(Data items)
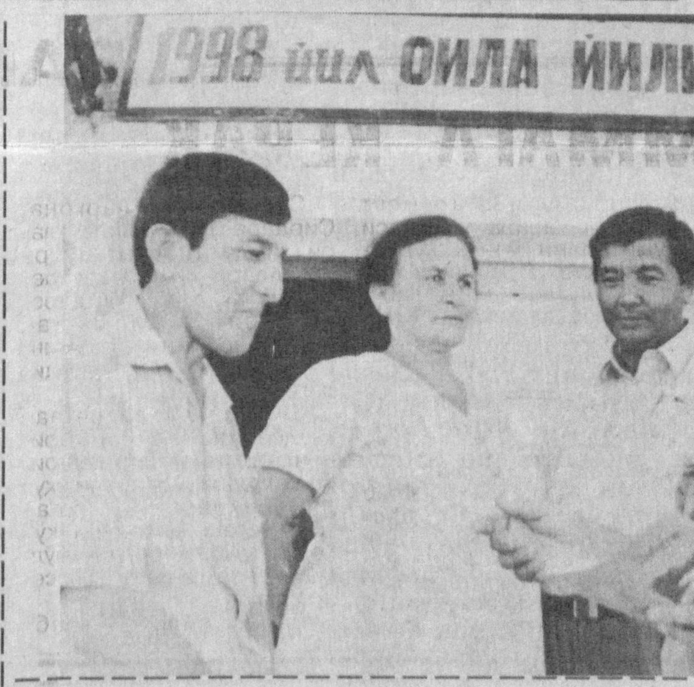
«Истеъдодли болалар ва иқтидорли ёшлар миллиатнинг ўстириб борилувчи ва аниқ мақсадлар йўлида самарали фойдаланиш лозим бўлган «олтин заҳира»сидир.

Uzbek oilasining eng mu-xim bo'lgan uning azolalarini uzaro axil-tuv bulishida namo'ni buladi. Iokurida aytganimizdek, oilada
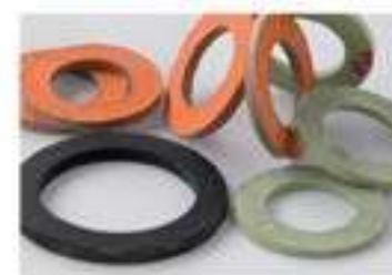
ARAMIDICI GIUNTURE (SENZA AMIANTO)
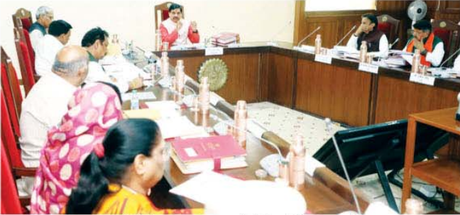
मुख्यमंत्री डॉ. मोहन यादव की अध्यक्षता में मंत्रिपरिषद की बैठक सम्पन्न हुई।

भोपाल, मुख्यमंत्री डॉ. मोहन यादव की अध्यक्षता में मंत्रिपरिषद की बैठक सम्पन्न हुई। मंत्रिपरिषद द्वारा प्रधानमंत्री आवास योजना-शहरी 2.0 के प्रदेश में क्रियान्वयन करने की स्वीकृति दी गई। योजना अनुसार प्रदेश के आर्थिक रूप से कमजोर, निम्न तथा मध्यम आय वर्ग के पात्र हितग्राही परिवारों को योजना के चार घटकों के माध्यम से लाभान्वित करने के लिए 5 वर्षों की योजना अवधि में 10 लाख आवासों के निर्माण में 50 हजार करोड़ रुपये व्यय होंगे। बेनिफिशियरी लेड कंस्ट्रक्शन (बी.एल.सी.) घटक अंतर्गत ईडब्ल्यूएस वर्ग के पात्र हितग्राही को स्वयं की भूमि पर आवास का निर्माण करने के लिए अनुदान प्रदान किया जायेगा। एफोडेबल हाउसिंग इन पार्टनरशिप (ए.एच.पी.) घटक अंतर्गत ईडब्ल्यूएस वर्ग के पात्र हितग्राहियों को नगरीय निधियों, राज्य की अन्य निर्माण पूर्णियों तथा निजी बिजनेस और डेवलपर के द्वारा आवासों का निर्माण कर प्रदान किया जायेगा। इस घटक अंतर्गत निजी डेवलपर द्वारा क्रियान्वित व्हाइट लिस्टेड एवं ओपन मार्केट परियोजनाओं में हितग्राहियों द्वारा आवास क्रय करने के लिए रेट्रोमिबल
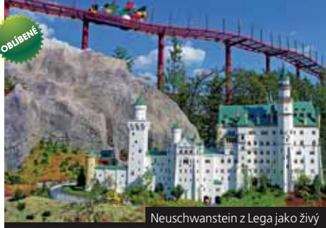
Neuschwanstein z Lega jako živý
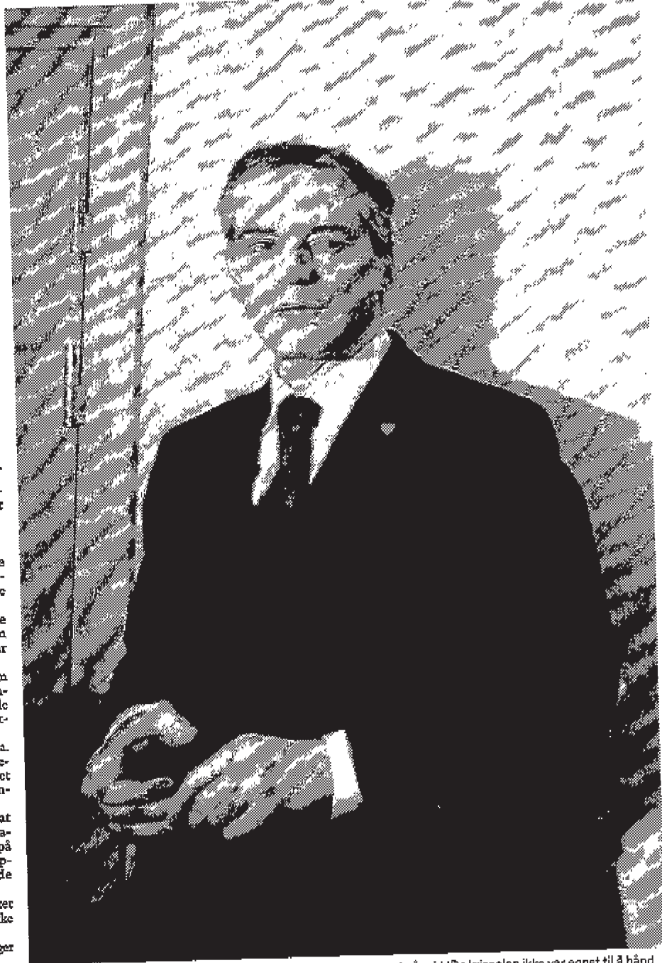
HARDT PRESSET: Utenriksminister Jonas Gahr Støre innrømmer i går at UD's kriseplan ikke var egnet til å hånd

spør Støre Dagbladets journalist om vi nå har fått oppklart situasjonen. Da sier han også:
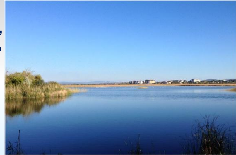
озеро Чембурское около г. Анапы

Они не только радуют людей своей красотой, но и лечат многие болезни, там есть целебные грязи.
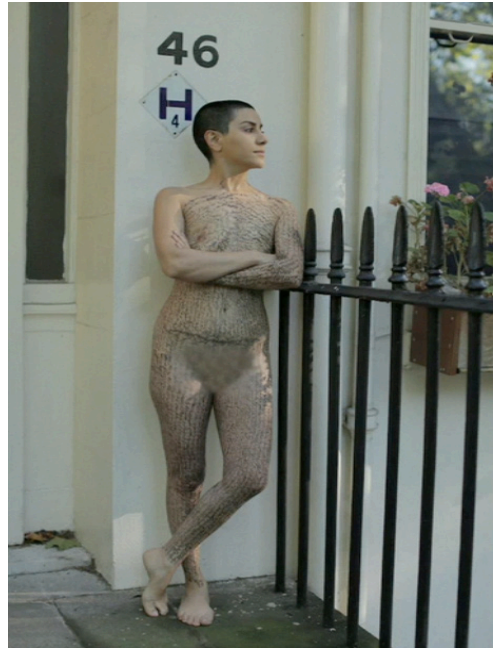
Imágenes 13 y 14. Life May Be (Mark Cousins y Mania Akbari, 2014).
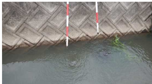
パイピングの状況。ポール先端(2箇所)
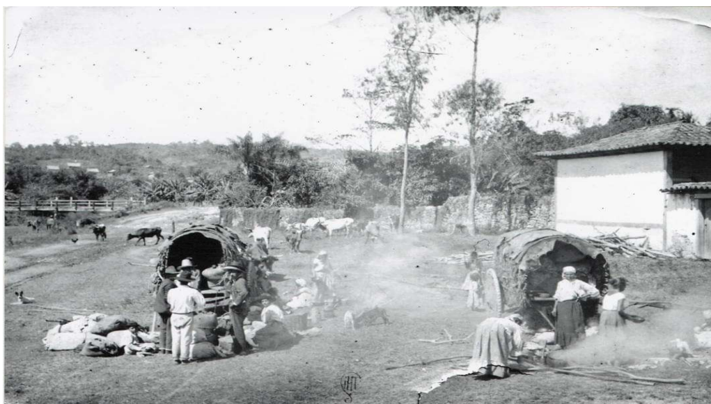
Romeiros de Estrela do Sul a caminho de Água Suja – Década de 1910

A cidade de Estrela do Sul surgiu da atividade garimpeira e seu crescimento considerável se deu na metade do século XIX, com a grande quantidade de diamantes encontrados. A partir daí várias povoações surgiram. Uma delas foi Água Suja, onde também foram descobertas minas de diamante. Com o tempo, veio a devoção à Nossa Senhora da Abadia e o lugar se tornou ponto alto de peregrinação a partir de 1870. Como as demais cidades, Estrela do Sul também passou a participar das romarias, anualmente, costume que já dura 150 anos. Quando o trajeto era precário, e passando por caminhos improvisados, os devotos de Estrela do Sul dirigiam a Água Suja em carros de bois, e por lá ficavam, até o final da festa. Os que dispunham de menos tempo faziam o trajeto em caminhada.
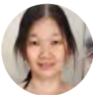
EB LN Collection, Sarawak

Selamat Hari Kemerdekaan dan Selamat Hari Malaysia buat rakyat Malaysia!
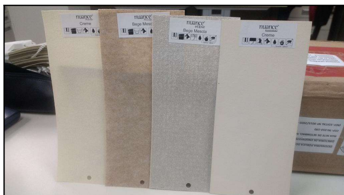
Foto 05: Lâminas extras, pouca transparência nos modelos blackout

João Luiz de Andrade Salles Téc. em Edificações DEAM
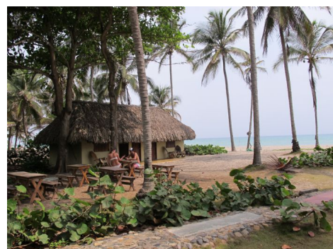
Hotel en la playa de Palomino
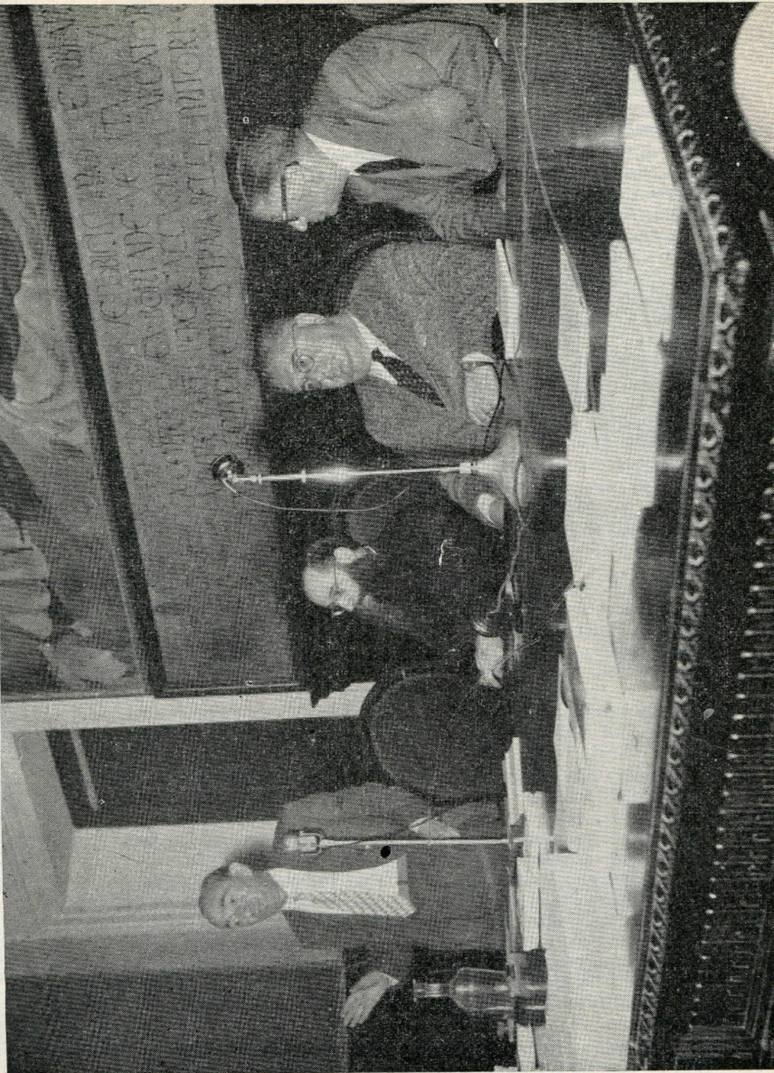
Convegno albanologico a Palermo al Centro Internazionale di Studi Albanesi (Mbledhje në Qendrën Ndërkombtare të Studimeve Shqiptare në Palermë - Dr. Petrota është në skâj kah e mbajta).
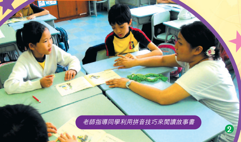
老師指導同學利用拼音技巧來閱讀故事書
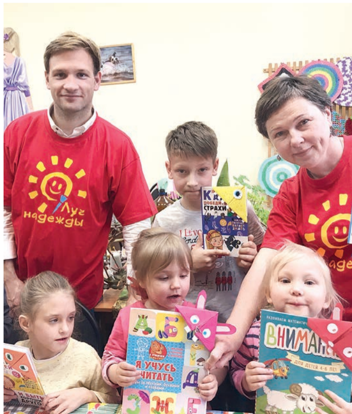
Каждый ребенок получил персональный подарок
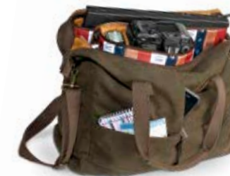
LARGE TOTE BAG NG A8240

Internal Dimensions / Dimensioni Interne / Abmessungen innen: L: 44,00 cm - 17,32" / W: 19,00 cm - 7,48" / H: 32,00 cm - 12,60" External Dimensions / Dimensioni Esterne / Abmessungen Außen: L: 45,00 cm - 17,73" / W: 20,00 cm - 7,88" / H: 33,00 cm - 13,00" Weight / Peso / Gewicht: 1,145 Kg - 2.52 lbs
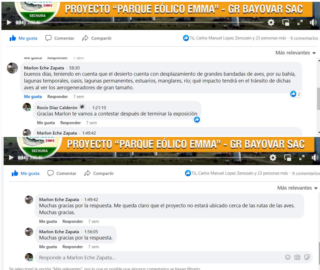
6.- captura de pantalla de la publicación del video del taller participativo en la página web de la consultora ambiental.
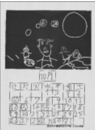
稲城市立稲城第三小学校いなほ学級の皆さんの作品です。
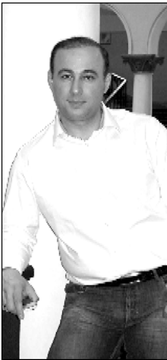
საპარლამენტო მდივანი გია ხუროშვილი

— არა, იქიდან გამომდინარე, რომ იმ დანერგულებებში, სადაც ჩვენ ვსაქმიანობთ, შეზღუდვებია. საჯარო სამსახური არ არის ის დანერგულება, სადაც ადამიანებს იმის დრო უნდა ჰქონდეთ, რომ სოციალური ქსელით
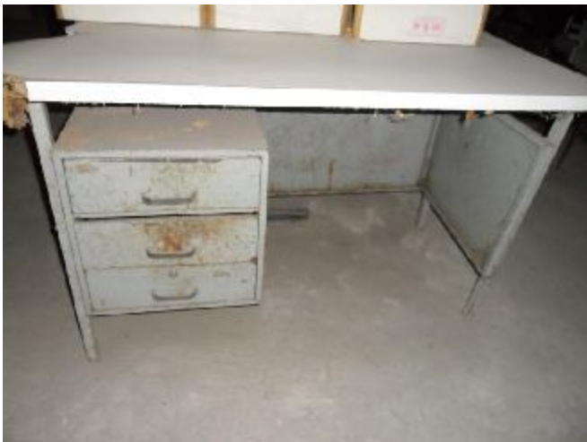
Lote 266 - SEM NÚMERO 064
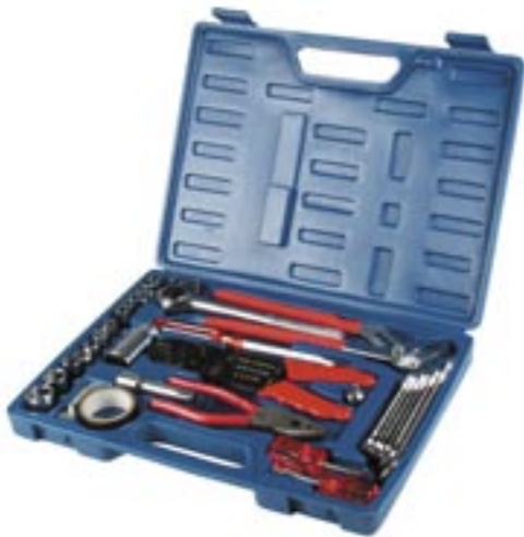
Artikel: ST-69 - 69-tlg. Werkzeugkoffer
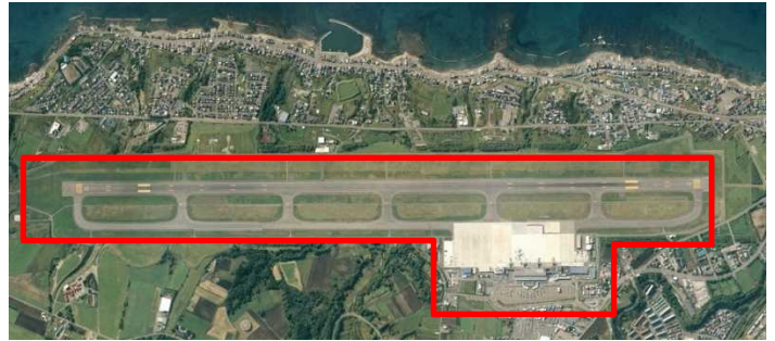
函館空港 浸水対策整備箇所

函館空港では、豪雨による空港施設の浸水を防止するため、排水機能強化による浸水対策等を行います。
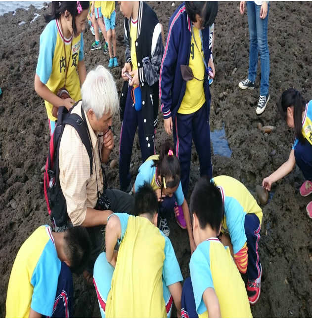
校 外 教 學 -藻 礁 之 旅
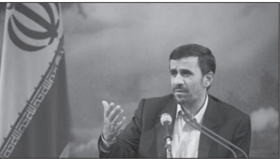
الرئيس الإيراني أحمدى نجاد خلال مؤتمر صحفي أمس

الجمعية العامة للأمم المتحدة التي سوف تعقد في وقت لاحق من هذا الشهر وأدى استعداده لمناظرة الرئيس الأمريكي باراك أوباما، فقال أحمدى نجاد «كما قلت من قبل فإني على استعداد لعقد مناظرة (مع أوباما) في مقر الأمم المتحدة حول جذور المشكلات العالمية الحالية والاستماع للمواقف الأخرى أيضا».
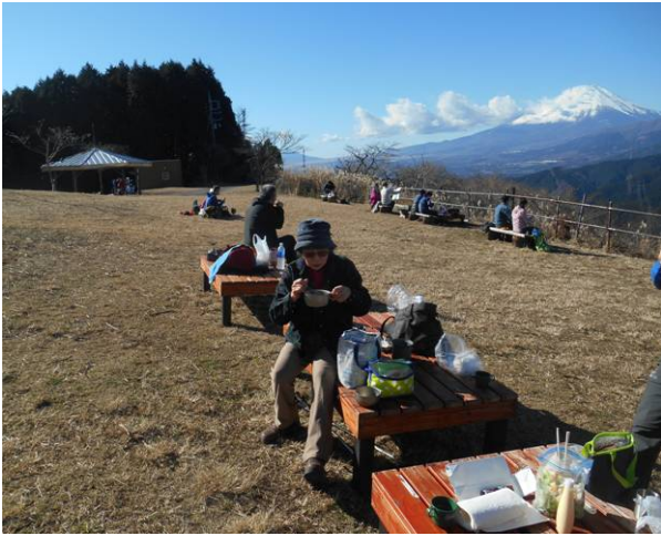
山頂には多数のベンチがありゆっくりと休憩を取ることができます
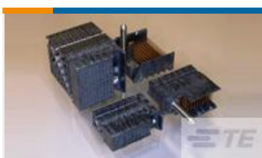
TE 产品编号 2057748-1 IMP100S,H,V2P16C,UG,OEWS39,4,5
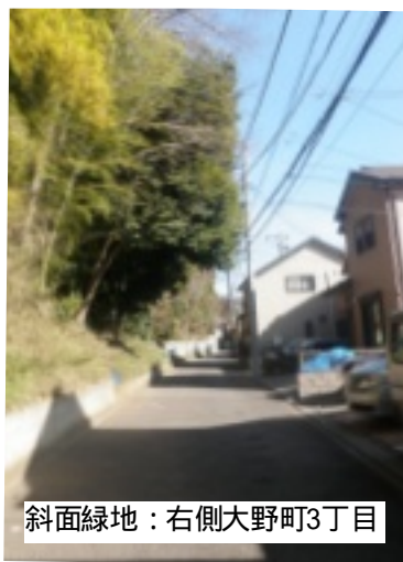
斜面緑地：右側大野町3丁目
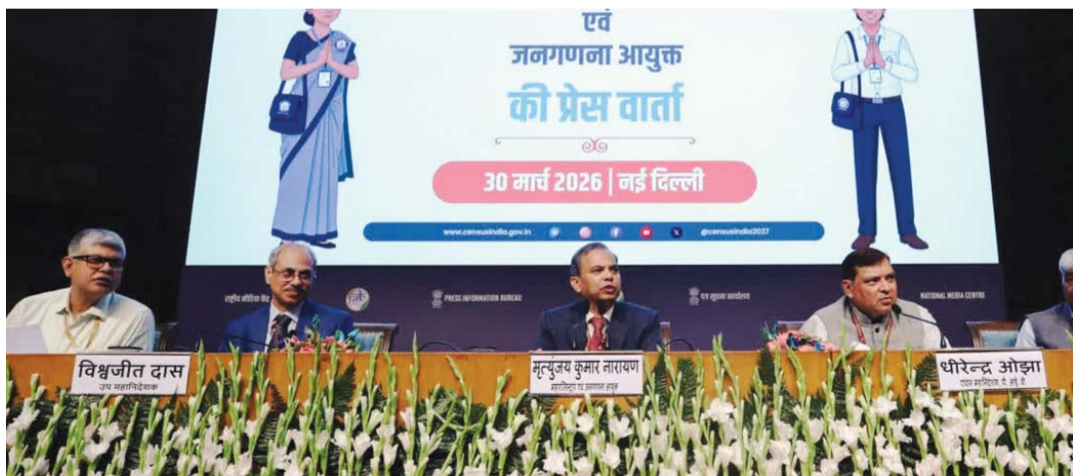
ప్రత్యేక మొబైల్ యూజ్ - ప్రతీ కుటుంబానికి 33 ప్రశ్నలు

స్వీయ గణన - ఐడీ జనరేషన్ - వెరిఫికేషన్ దేశంలో తొలి విడత గృహ గణన ప్రక్రియ ఏప్రిల్ 1 న 5 రాష్ట్రాలు, 3 కేంద్రపాలిత ప్రాంతాల్లో ప్రారంభమైంది. ఈ జాబితాలో గోవా, కర్ణాటక, మిజోరాం, ఒడిశా, సిక్కిం, అండమాన్ నికోబార్ దీవులు, లక్షద్వీప్, దిల్లీ (స్వాధీనీ) మున్సిపల్ కౌన్సిల్ - బీజిపీజ ప్రాంతం, దిల్లీ కంటోన్మెంట్ బోర్డు పరిధి మాత్రమే ఉన్నాయి. ఈ రాష్ట్రాలు, కేంద్రపాలిత ప్రాంతాల్లోని కుటుంబాలు ఏప్రిల్ 1 నుంచి 15 వరకు స్వీయ గణన (సెల్స్ ఎన్యూమరేషన్) సౌకర్యాన్ని వినియోగించుకోవచ్చు. కుటుంబాలకు స్వీయ గణన చేసుకునే అవకాశాన్ని ఇవ్వడం ఇదే తొలిసారి. ఇందుకోసం ప్రత్యేక పోర్టల్ను ( https://se.census.gov.in/ ) రిజిస్ట్రార్ జనరల్ ఆఫ్ ఇండియా అందుబాటులోకి తెచ్చింది. దీనిలో అడిగే ప్రశ్నలకు ప్రజలు స్వయంగా సమాధానాలను సమోద చేయవచ్చు. అన్ని ప్రశ్నలకు సమాధానాలు ఇచ్చాక, ఎన్ఐఐ ఐడీ (Self-Enumeration ID) జనరల్ అవుతుంది. తదుపరిగా ఏప్రిల్ 16 నుంచి మే 15 వరకు జరగనున్న డోర్ టు డోర్ గృహ గణన సందర్భంగా వెరిఫికేషన్ కోసం తమ ఇంటికి వచ్చే ఎన్యూమరేటర్లకు ఎన్ఐఐ ఐడీ ప్రజలు అందిస్తారు.
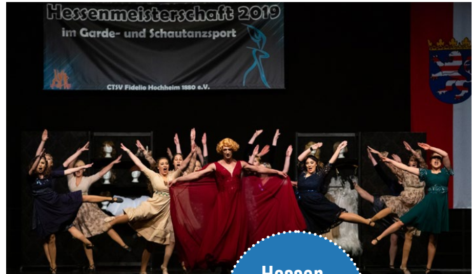
Schautanz Charakter - TSG Künzell

» Assignment:
Whenever the string "Suja" shows up in a line of the records, copy that line.

» Your response:
Romeiros de Estrela do Sul a caminho de Água Suja – Década de 1910
A cidade de Estrela do Sul surgiu da atividade garimpeira e seu crescimento considerável se deu na metade do século XIX, com a grande quantidade de diamantes encontrados. A partir daí várias povoações surgiram. Uma delas foi Água Suja, onde também foram descobertas minas de diamante. Com o tempo, veio a devoção à Nossa Senhora da Abadia e o lugar se tornou ponto alto de peregrinação a partir de 1870. Como as demais cidades, Estrela do Sul também passou a participar das romarias, anualmente, costume que já dura 150 anos. Quando o trajeto era precário, e passando por caminhos improvisados, os devotos de Estrela do Sul dirigiam a Água Suja em carros de bois, e por lá ficavam, até o final da festa. Os que dispunham de menos tempo faziam o trajeto em caminhada.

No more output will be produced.